Available data START

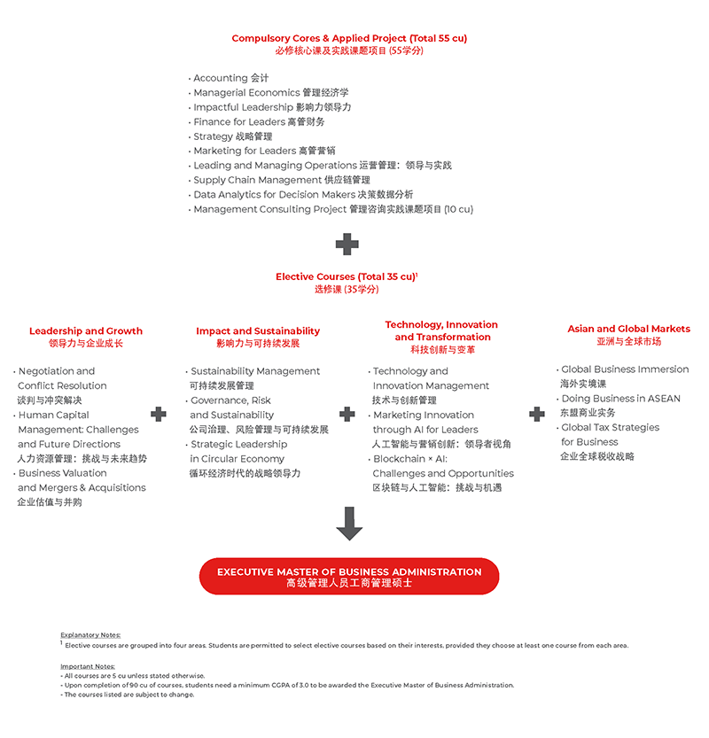 项目的标准学制为2年,最短1.5年,最长4年。为了达到毕业要求,学生必须完成90学分,包括九门涵盖核心管理知识的必修课(45学分);七门涉及前沿主题的选修课(35学分);以及一项必修的实践课题项目(10学分)。
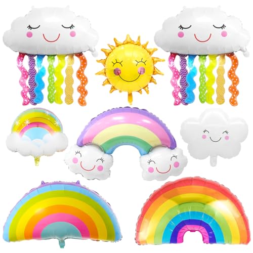8 st regnbågsformade ballonger, folieballong moln, XXL tofsboll aluminiummoln, leende sol moln ballonger för barn födelsedag baby shower festdekorationer
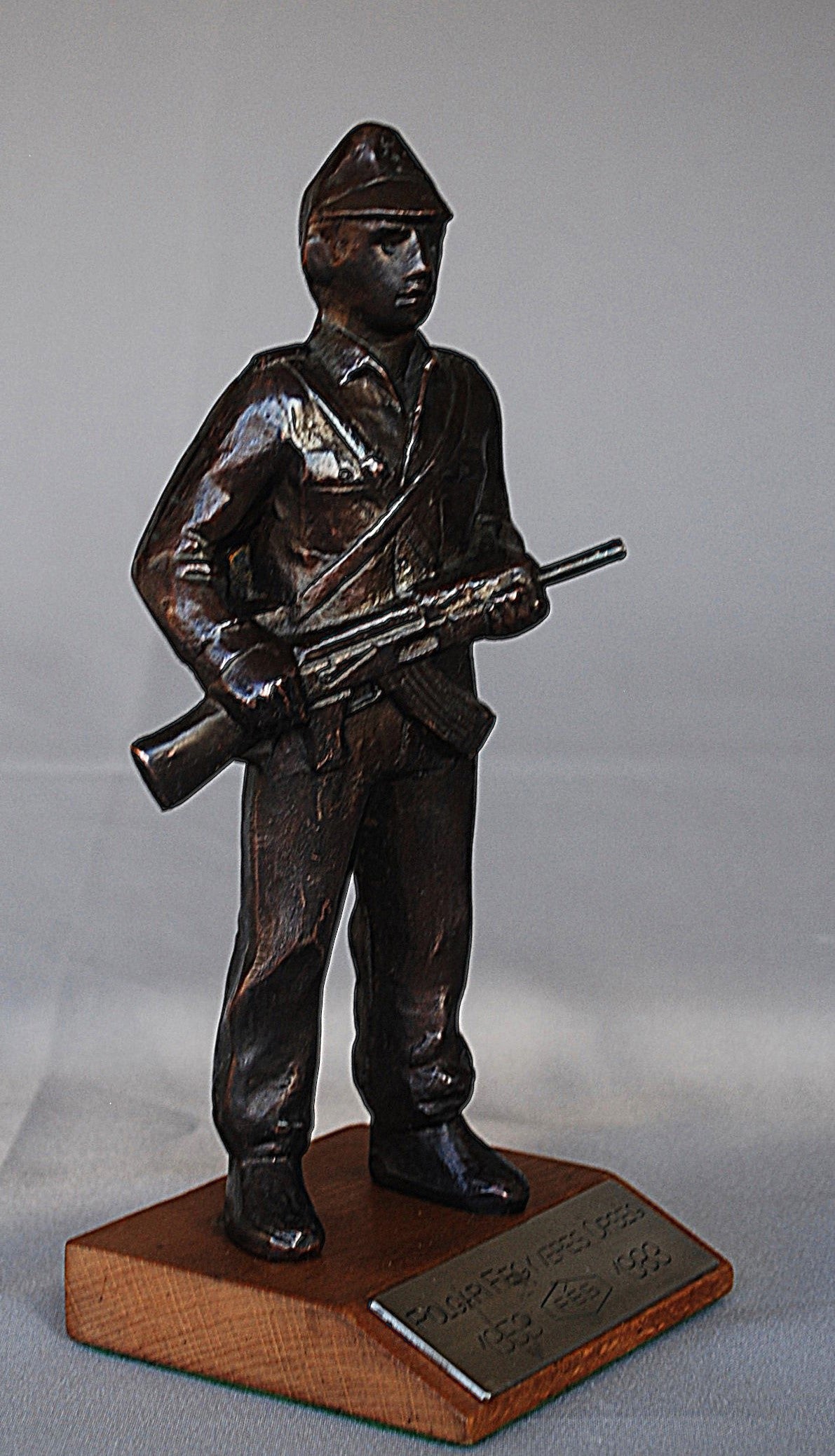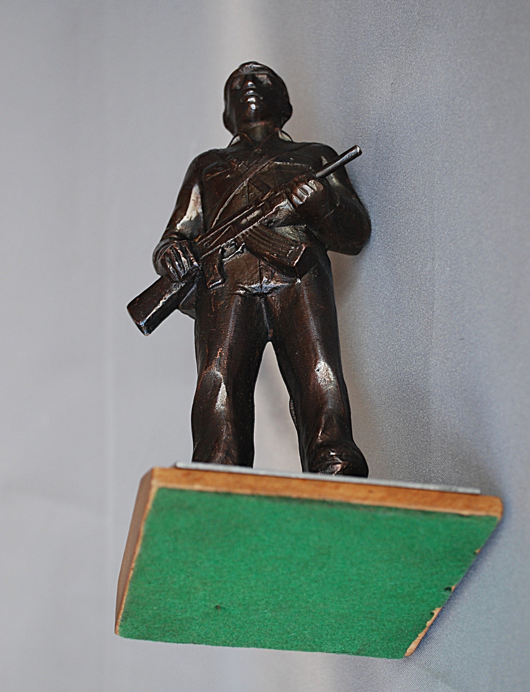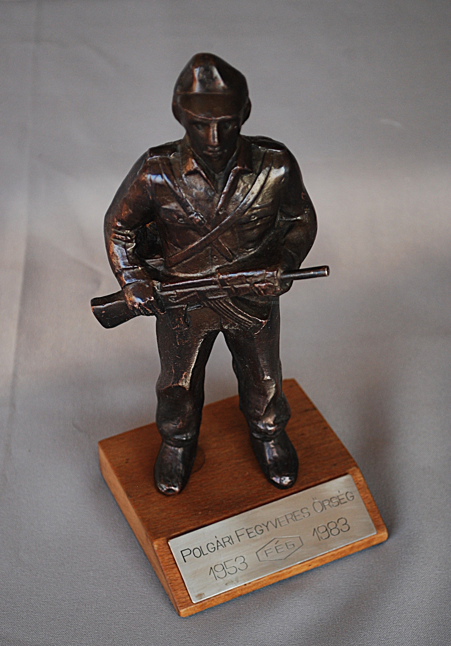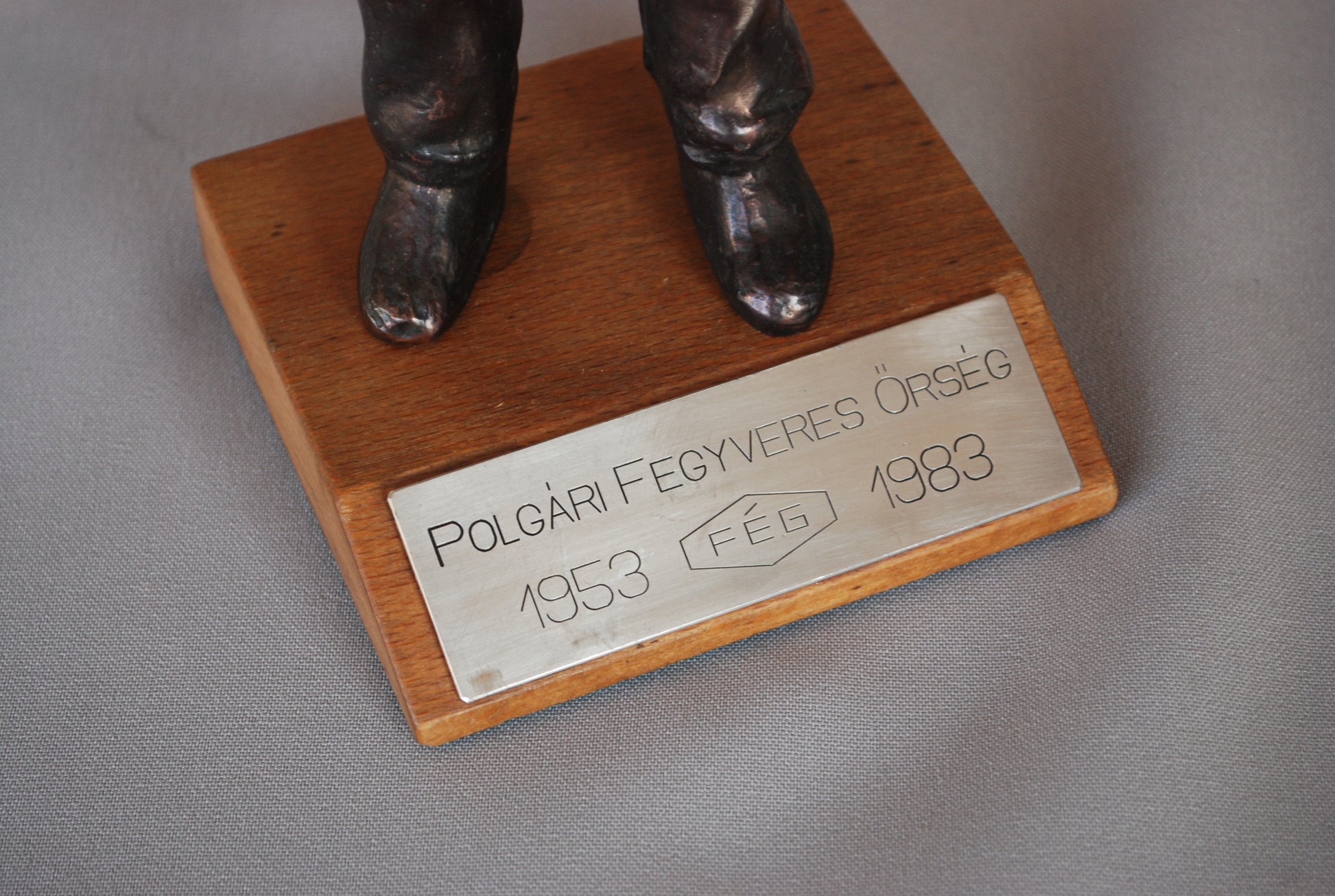 Zwaar metalen beeld geschonken door de FÉG na 30 jaar in dienst bij de gewapend burger wacht.
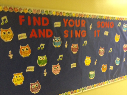 This is my bulletin board in the hall. It has owls with the names of the songs I taught the kids last year.
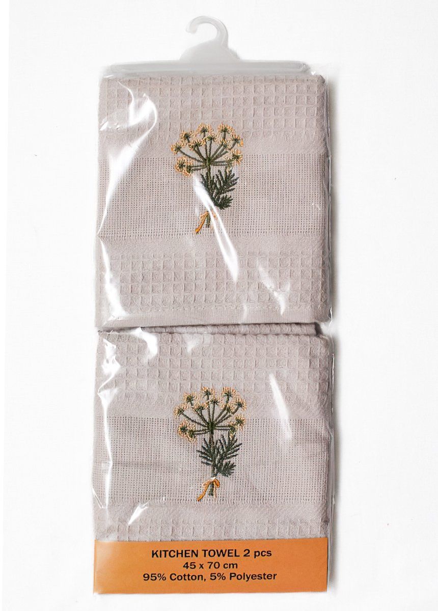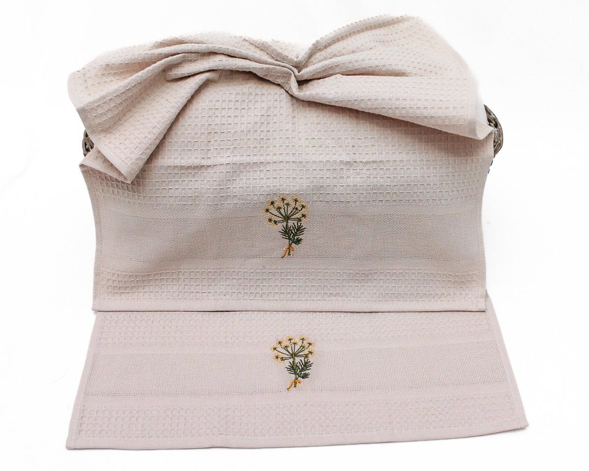 Kuchyňské utěrky KMÍN vaflové vyšívané, béžová, 2 kusy 45x70cm
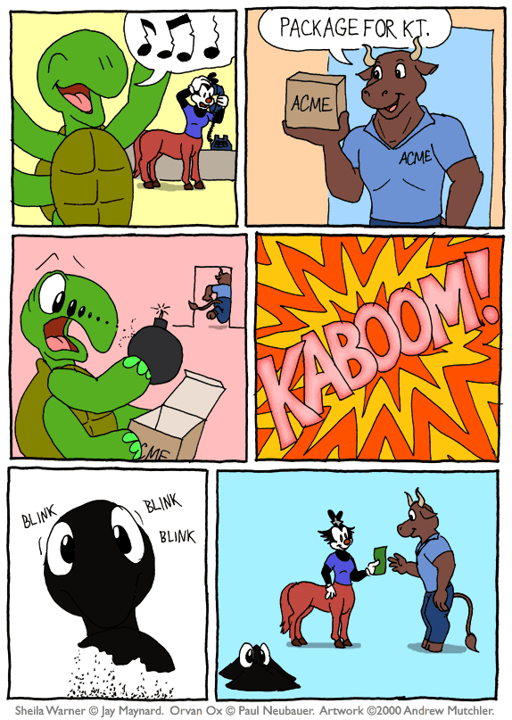 KT sings badly, prompting Sheila to call Orvan Ox. He makes deliveries for ACME, and delivers a package that KT gets a bang out of!
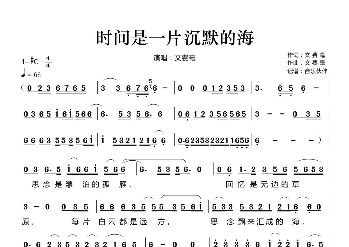 《时间是一片沉默的海》是文费毫演唱的一首歌曲,拍号为4/4拍,歌曲速度为每分钟66拍,这份简谱共有两张高清图谱,图谱由 @音乐伙伴 编配上传。
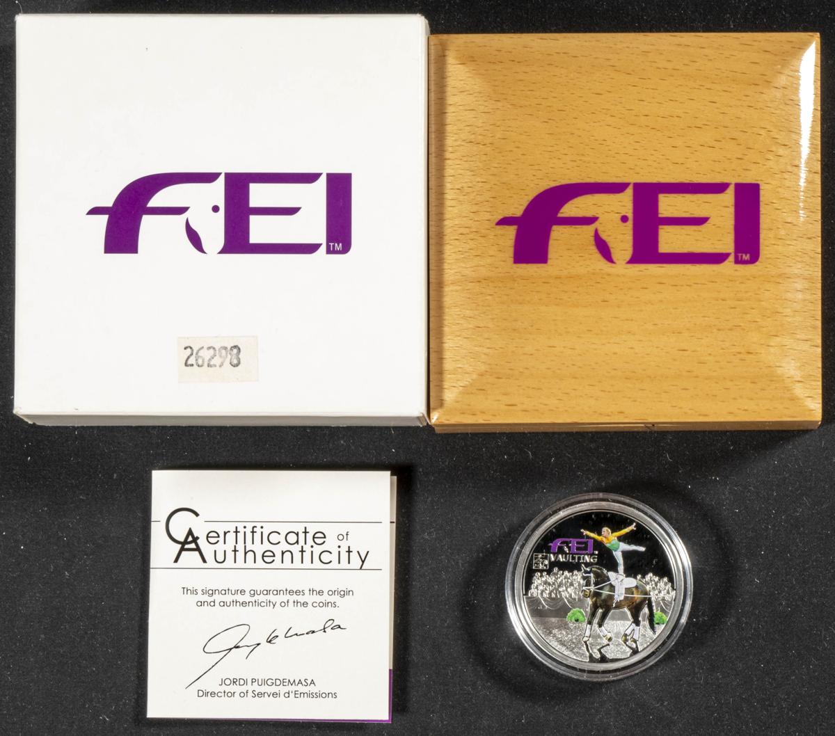 ANDORRA. 5 Diner. (Ar. 20,00g/39mm). 2013. "Federación Ecuestre Internacional". PROOF. Incluye estuche y certificado oficial.

Available data END

▶ **Exercise aim**: The images are to be left out; every line above should be set down exactly.

▶ **Written answer**:
 项目的标准学制为2年,最短1.5年,最长4年。为了达到毕业要求,学生必须完成90学分,包括九门涵盖核心管理知识的必修课(45学分);七门涉及前沿主题的选修课(35学分);以及一项必修的实践课题项目(10学分)。
8 st regnbågsformade ballonger, folieballong moln, XXL tofsboll aluminiummoln, leende sol moln ballonger för barn födelsedag baby shower festdekorationer
 Zwaar metalen beeld geschonken door de FÉG na 30 jaar in dienst bij de gewapend burger wacht.
 This is my bulletin board in the hall. It has owls with the names of the songs I taught the kids last year.
 Kuchyňské utěrky KMÍN vaflové vyšívané, béžová, 2 kusy 45x70cm
 KT sings badly, prompting Sheila to call Orvan Ox. He makes deliveries for ACME, and delivers a package that KT gets a bang out of!
 《时间是一片沉默的海》是文费毫演唱的一首歌曲,拍号为4/4拍,歌曲速度为每分钟66拍,这份简谱共有两张高清图谱,图谱由 @音乐伙伴 编配上传。
 ANDORRA. 5 Diner. (Ar. 20,00g/39mm). 2013. "Federación Ecuestre Internacional". PROOF. Incluye estuche y certificado oficial.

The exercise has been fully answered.